Over Easter week this year, 10 Mainers will travel to an old communist youth camp deep within what was once called Czechoslovakia. Their mission is to teach conversational English in an area called Moravia, which is part of the Czech Republic. The team members live in Waldoboro, Warren, Bremen, Union, and Auburn and are being supported by families and friends and by several local Maine churches.
Jeff Norton and his wife Rebecca Norton have been supportive of Christian ministry in Eastern and Central Europe ever since Jeff retired from the U.S. Army in 1999. During the summers of 2000 and 2001, their daughter Laura served in this same camp while she was a student at Coastal Christian School in Waldoboro. Two years later, Laura married Radek Kolarik who was one of the Czech counselors at the camp. They are now parents of five children and Radek pastors at a local Protestant church and leads English and sports camps over Easter and during the summer. The camp is filled with students eager to meet Americans and practice conversational English while enjoying sporting activities, mingling, and eating delicious Czech food.
Along with teaching at camp, the Maine team will also visit a number of elementary and high schools in the local villages and towns. Czech public school teachers are very welcoming in having native English speakers come to their classrooms where they learn interactive games as well as interesting Maine trivia, all used to introduce their students to American culture. The atmosphere is relaxed and the Americans are always surprised to learn how much English the students already know, as well as their knowledge of American history and culture.
The team will travel by plane, bus, tram, and train to the small town of Kurim. When they are not living at camp, team members will stay with local Czech families in the surrounding villages. Easter Sunday brings many new faces to the Kurim church as students and teachers maximize their time together. A lunch follows the Easter service and then both Czechs and Americans take a train trip to Brno, population 500,000, where the students introduce the Americans to their city.
Easter Monday in the Czech Republic is a holiday traditionally reserved for young men to visit neighborhood girls who get hit on the leg with a woven switch decorated with ribbons. This is supposed to give the girls good luck for a family someday. The girls give the boys a treat and they leave to go to the next house. While these activities are going on in the villages, the Czechs and Americans take a lengthy hike through the countryside where friendships are further developed and English is practiced once again.
Teaching teams this year consist of five levels ranging from beginner to advanced. Phil Nicewonger, the present youth pastor at First Baptist Church of Waldoboro, and soon to be pastor of Twin Villages Church in Damariscotta, will teach the advanced class with his wife, Faith. Ethan Foss, a building contractor from Auburn, will help lead music at the camp and teach the lower advanced class with his wife, Laura. Their daughter Elodie, age two, will be the social butterfly at camp, helping build relationships like only young children can.

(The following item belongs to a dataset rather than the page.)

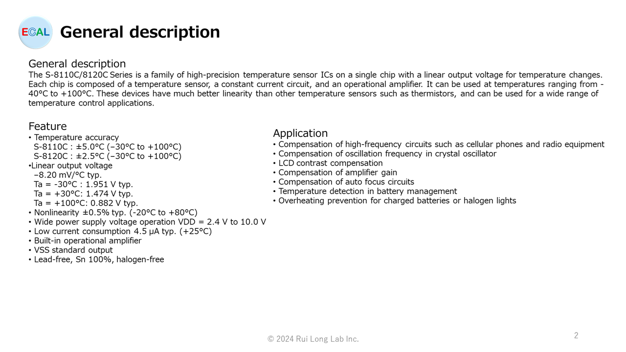 S-8110C series (S-8110C, S-8120C) 的概述以及S-8110C series 用OSS-ECAL的提供情况。S-8110C series 是 ABLIC 公司生产的温度传感器IC(温度范围为 -30 ℃ 至 +100 ℃)。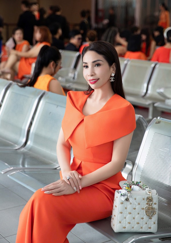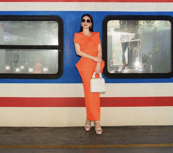 Diễn viên điện ảnh Lý Hương chọn cho mình chiếc đầm màu cam thắt eo và tôn dáng của Vu Ngoc & Son kết hợp cùng phụ kiện và túi xách trang nhã để khoe khéo vóc dáng khỏe khoắn nhờ chăm chỉ luyện tập thể thao kết hợp với chế độ ăn và lối sống lành mạnh. Cô cho biết: “Mặc dù sinh ra và lớn lên tại mảnh đất Sài Gòn nhưng đây là lần đầu tiên Lý Hương có cơ hội đặt chân đến Ga Sài Gòn. Cảm xúc khi đặt chân đến đây nó lạ lắm và càng thú vị hơn khi được thả mình trong không gian thời trang được thiết kế bên cạnh đường tàu. Mọi thứ thật đẹp, đáng nhớ và rất bất ngờ”.

Rebecca Norton and Coastal Christian School senior Matt Nicewonger and his younger brother, Elijah, will teach intermediate English. Matt will also play guitar with Ethan. Jeff Norton, the team leader, will teach lower intermediate with Barry Libby, a Bath Iron Works employee and deacon at First Baptist Church Waldoboro. Ronnie Frazier, an elementary school teacher, will engage the beginner class with a Czech translator’s help. This is the ninth consecutive year that Jeff Norton has brought teams from Lincoln County to the former Czechoslovakia to teach English at camps and schools.